Hawaiian Vintage Chocolate Crunch Bars

From the 2002 KLO dinner — Hawaiian Luau


Hawaiian Vintage Chocolate Crunch Bars

Ingredients in boldface have separate recipes, which follow the main recipe.

  • Macadamia Nut Brittle
  • 1/4 cup macadamia nut oil, or vegetable oil
  • 12 oz gaufrette cookies (about 50)
  • 1-1/2 lbs Hawaiian Vintage milk chocolate
  • 1-1/4 lbs Hawaiian Vintage dark chocolate
  • 2-1/2 cups heavy whipping cream
  • 4 tsp macadamia nut liqueur
  • Anglaise
  • Chocolate Sauce
  • 1/4 cup cocoa powder, for dusting
  • 1 cup raspberries (or other fresh fruit) for garnish

Grease a baking sheet and spatula. Line a 9×13 pan with plastic wrap. Prepare the brittle.

Place the brittle in a kitchen towel and crush with a rolling pin or mallet. Transfer to a bowl and add the oil.

Place the gaufrette cookies in a kitchen towel and crush with a rolling pin or mallet. Add to the brittle in the bowl. In the top of a double boiler, melt the milk chocolate. Add to the bowl. Stir well and transfer the mixture to the plastic wrap lined pan. Refrigerate until needed.

In the top of a double boiler, melt the dark chocolate. Transfer to a clean bowl. When cool, fold in the cream, add the liqueur, and mix thoroughly. Spread over the milk chocolate mixture in the pan and refrigerate for at least 2 hours, preferably overnight.

Remove the chocolate from the pan and transfer to a flat work surface. Remove and discard the plastic wrap. Cut the chocolate into oblong bars or the desired shapes. Dust with cocoa powder before serving.

Prepare the Anglaise and the Chocolate Sauce.

To serve, spoon a pool of Anglaise on individual plates. Swirl in the chocolate sauce. Artistically arrange pieces of the crunch bar in a pile next to the Anglaise. Garnish with berries. Serves 6 to 8.


Macadamia Nut Brittle

  • 1 cup diced macadamia nuts
  • 1/4 cup water
  • 1 cup brown sugar
  • 1/2 cup corn syrup
  • 1/4 cup butter
  • 1/2 tsp vanilla extract
  • 1 tsp baking soda, sifted

Preheat the oven to 250 F. Place the nuts on an ungreased baking sheet and toast for 10 minutes.

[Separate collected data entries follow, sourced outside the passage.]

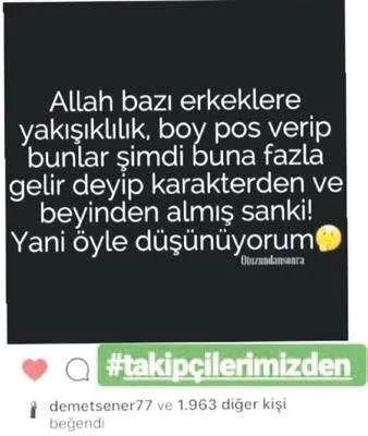 Şener'in beğendiği paylaşımda ise şu sözler yazılıydı: "Allah bazı erkeklere yakışıklılık, boy pos verip, bunlar şimdi buna fazla gelir deyip, karakterden ve beyinden almış sanki! Yani öyle düşünüyorum…".
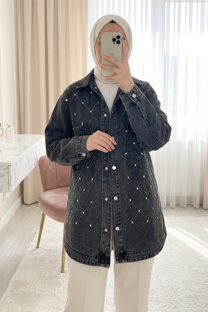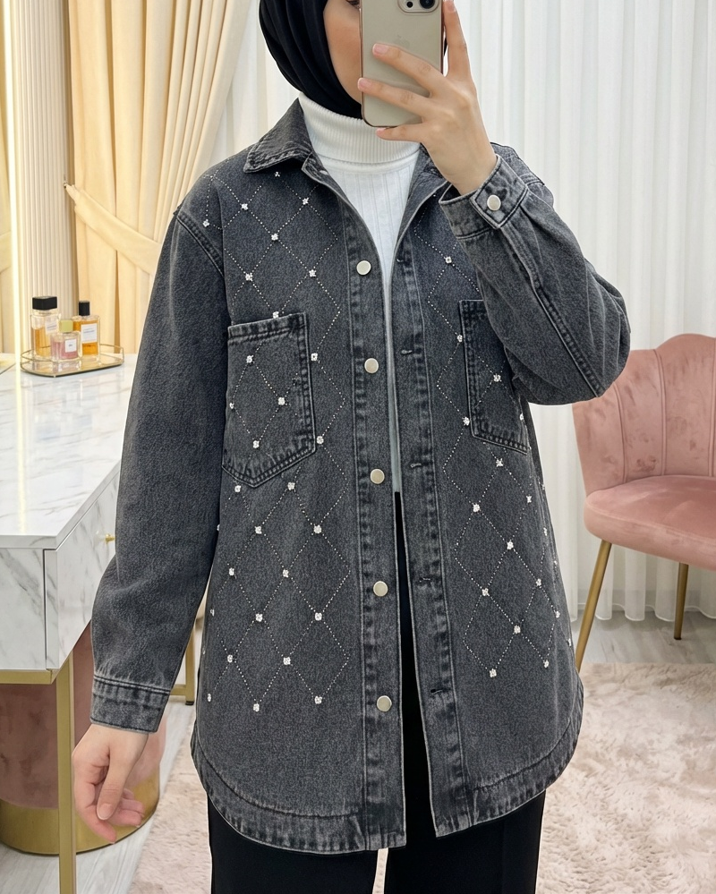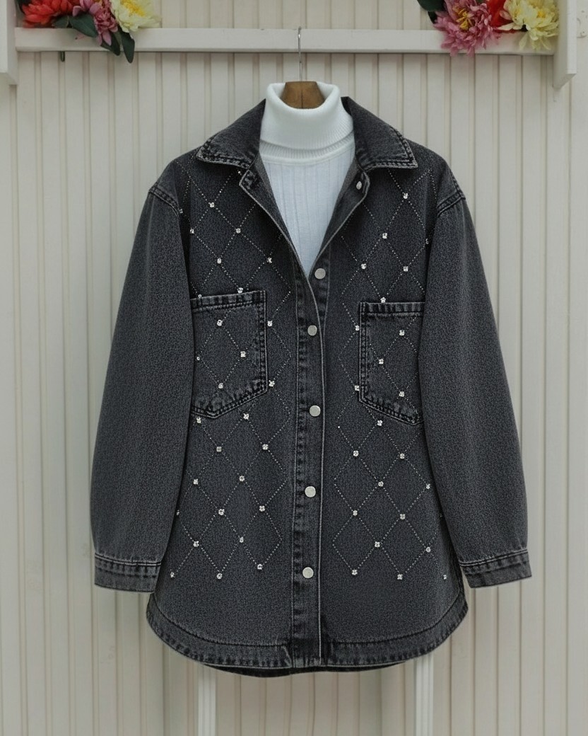 جاكيت جينز بأزرار أمامية مزين بأحجار الراين وجيبين -لون مدخن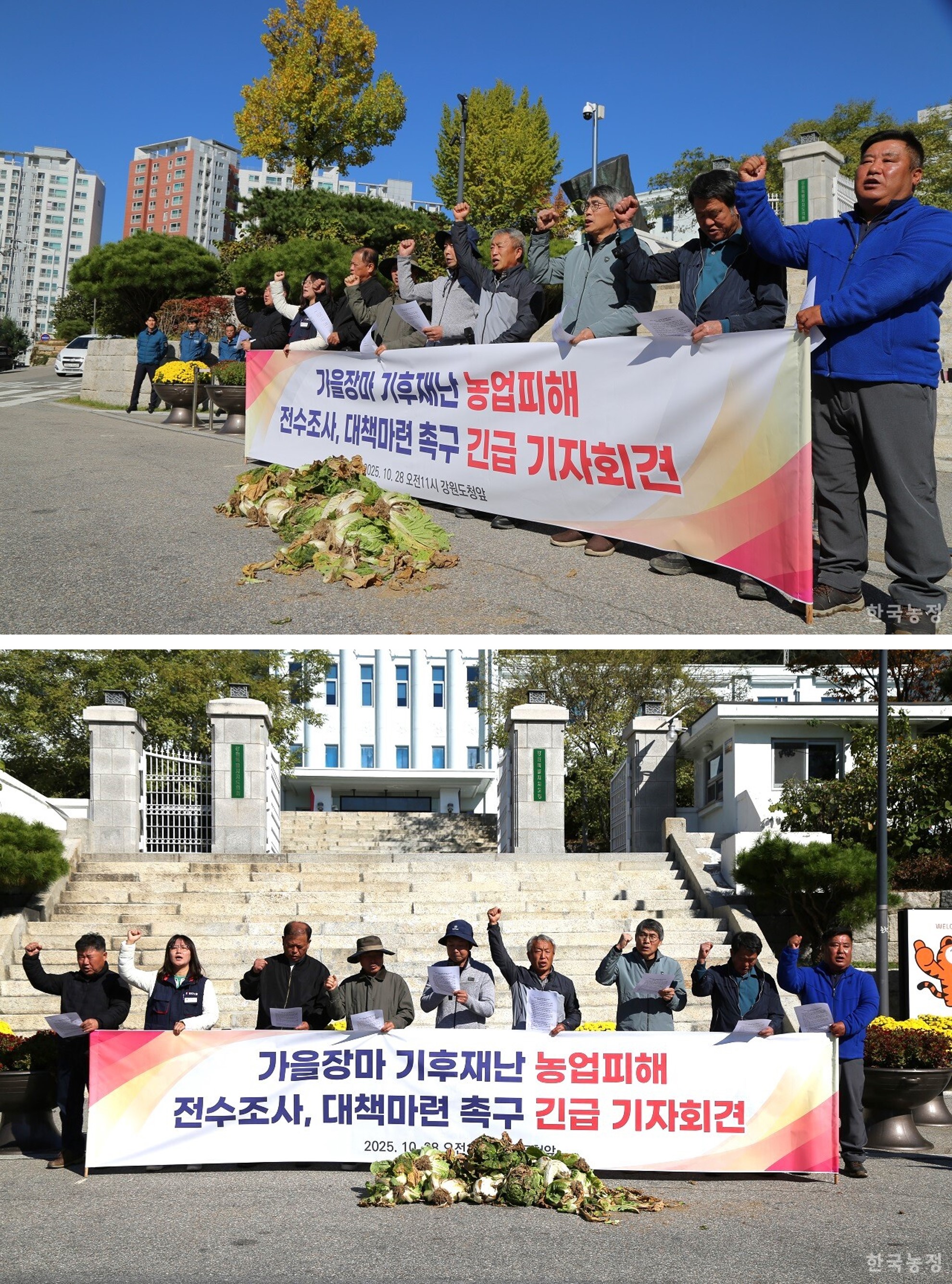 * Àü±¹³ó¹ÎȸÃÑ¿¬¸Í °­¿øµµ¿¬¸Í ¼Ò¼Ó ³ó¹ÎµéÀÌ 28ÀÏ °­¿øµµÃ» ¾Õ¿¡¼­ °¡À»À帶·Î ÀÎÇÑ °­¿øµµ ¹çÀÛ¹° ÀçÇØ ´ëÃ¥À» Ã˱¸Çϰí ÀÖ´Ù.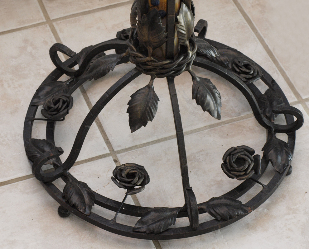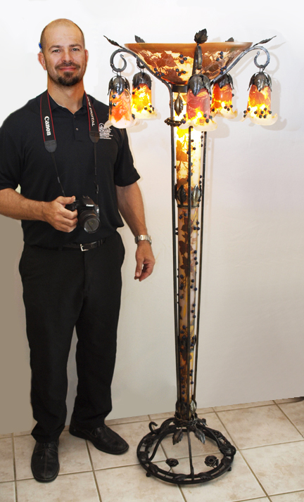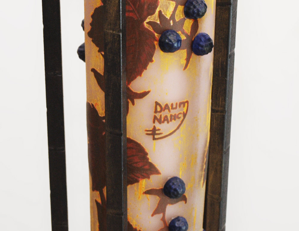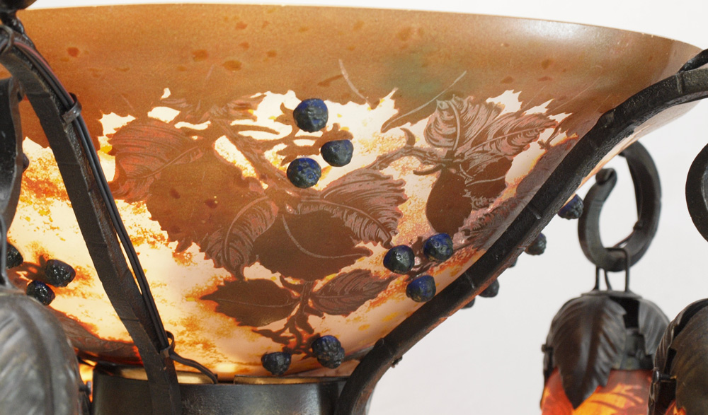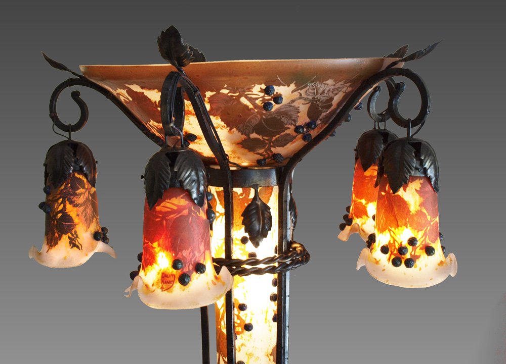 CAMEO GLASS FLOOR LAMP IN THE STYLE OF DAUM: Grape vine motifs all over with center shade, 5 hanging shades, lighted body supported by iron frame and cast floral motif base. Signed Daum Nancy on body, later 20th century production. Measures 68 3/4'' h. x 22'' dia. overall.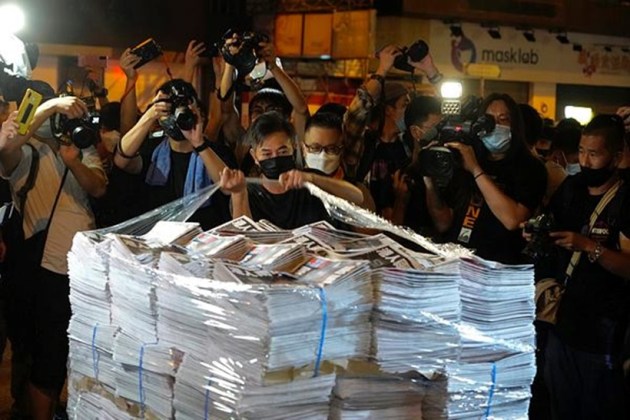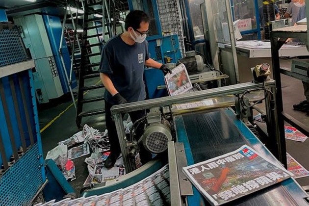 Last issue of Apple Daily seen at printing house in Hong Kong, early Thursday, June 24, 2021. After midnight, as the printers ran one final time, Apple Daily shut off its website and erased all its social media platforms after authorities froze company-related assets as part of a national security probe. (AP Photo)
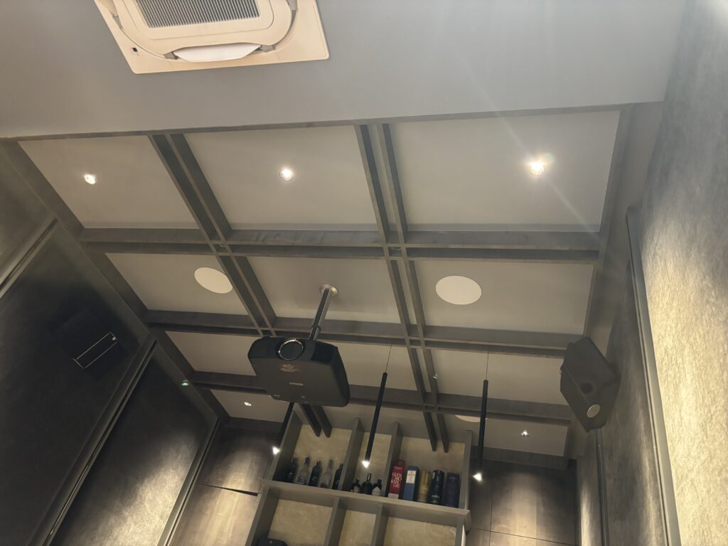 - The Solution: We utilized the client’s SUR Dipoles. These create a diffused, ambient sound field. This ensures that the “middle casual” seating row feels enveloped in the atmosphere without being distracted by a localized speaker “pointing” at them.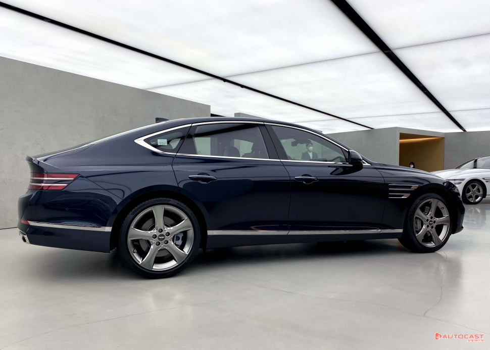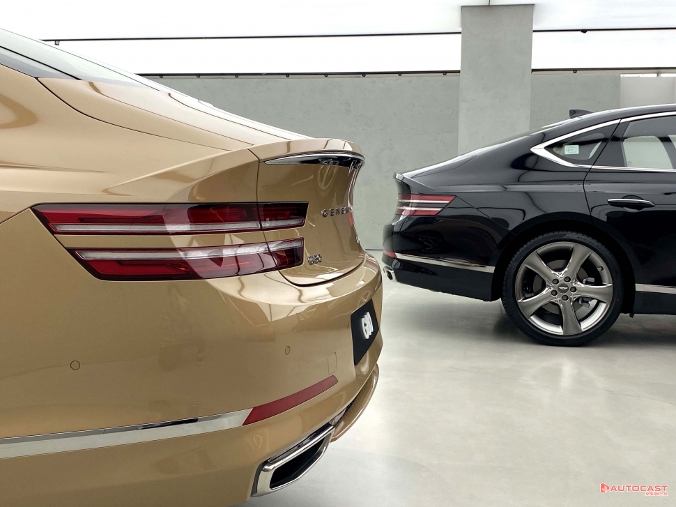 여기에 안쪽으로 오목하게 들어간 뒤 트렁크 면이 실루엣에 작지만 큰 차이를 만들어낸다. 전체적으로 큰 타원형 모양을 만드는 이 면은 제네시스 에센시아 콘셉트에서 선보인 디자인으로 GV80에도 적용했다. 하지만 G80의 낮은 루프라인과 만나면서 이 특징적인 형태가 더욱 부각됐다.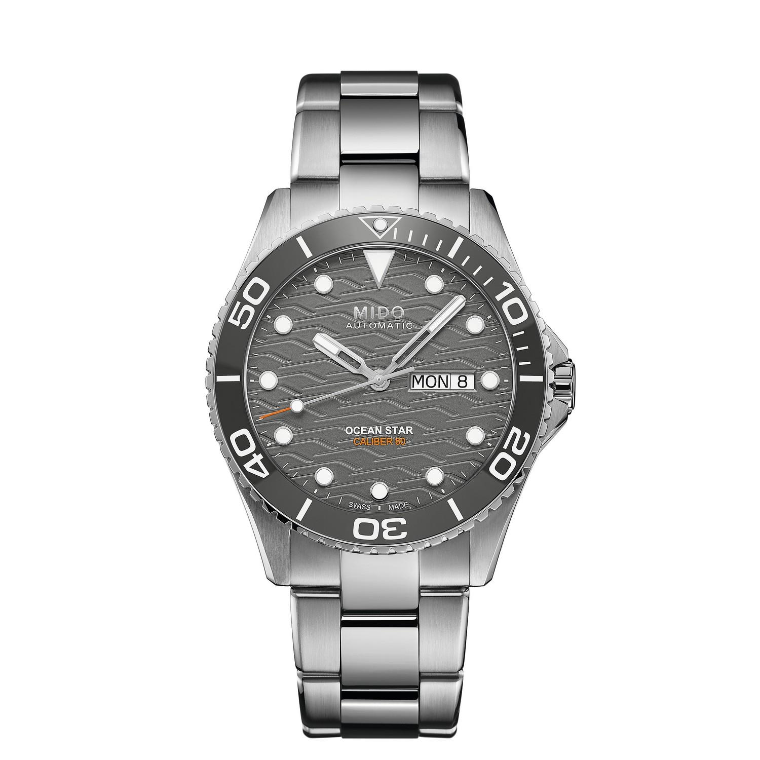 Mido benutzt Keramik – eines der herausragendsten Materialien in der Uhrmacherkunst – auf der einseitig drehbaren Lünette seiner Ocean Star 200C. Das Zifferblatt ist mit einer welligen Textur verziert und hat aufgesetzte Indizes, die mit weißem Super-Luminova® beschichtet sind. Diese Uhr ist bis zu 20 bar wasserdicht, wobei die Gehäuseform einen zusätzlichen Schutz für die verschraubte Krone bietet. Auf dem verschraubten Gehäuseboden ist das Ocean Star-Logo eingraviert. Das Automatikwerk hat eine Gangreserve von bis zu 80 Stunden.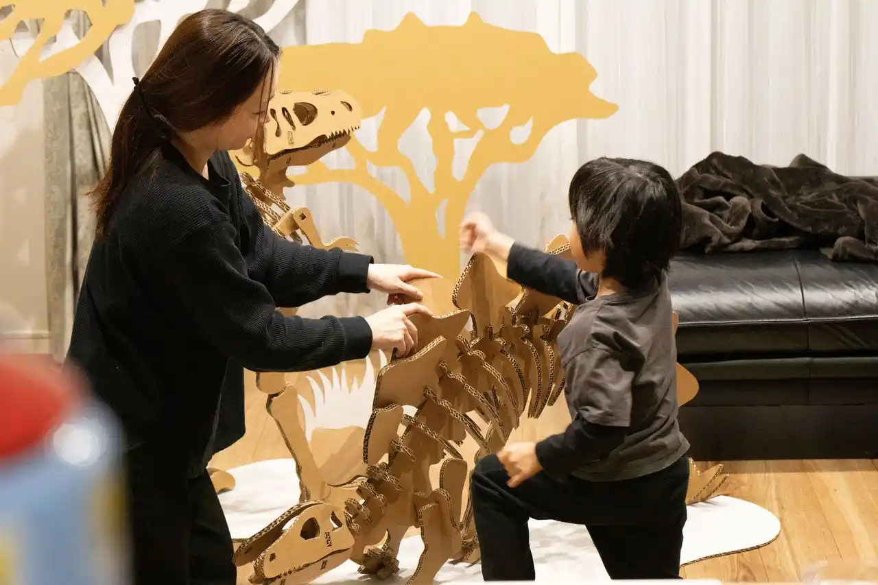 中でも全高180cmのメガティラノサウルスは、複数人での組み立てを前提とした設計となっています。大型ならではのスケール感がもたらす高揚感とともに、参加者同士が力を合わせて完成させる過程において、達成感やその喜びを共有する時間の創出を意図しています。 |

In a heavy-bottomed saucepan over medium-high heat, combine the water, sugar, corn syrup, and butter. Heat until the mixture reaches 280 F on a candy thermometer. Add the vanilla and toasted nuts. Carefully stir in the baking soda — use caution as the mixture will bubble up. Immediately pour onto the greased cookie sheet and spread evenly with the greased spatula. When it is cool enough to touch, by hand carefully pull out the brittle to make it thinner. Let cool.


Anglaise

  • 4 egg yolks
  • 1/4 cup sugar
  • 1 cup milk
  • 1 vanilla bean, halved lengthwise & seeds scraped

In a bowl whisk together the egg yolks and sugar. In a saucepan bring the milk, vanilla bean, and vanilla beans to a boil. Stir 1/2 cup of the hot milk into the egg mixture, then pour the egg mixture back into the saucepan. Reduced the heat to medium. Cook, stirring constantly, until the mixture thickens and coats the back of a wooden spoon; do not overcook. Strain into a stainless steel bowl and place in an ice bath to cool. When cool, stir once more and refrigerate until needed.


Chocolate Sauce

  • 4 oz Hawaiian Vintage dark chocolate
  • 1/4 cup heavy whipping cream

Place the chocolate in a small, deep bowl. In a saucepan, bring the cream to a boil. Pour over the chocolate and stir until smooth. Keep at room temperature until ready to use; heat over a water bath if the sauce becomes too thick and cold.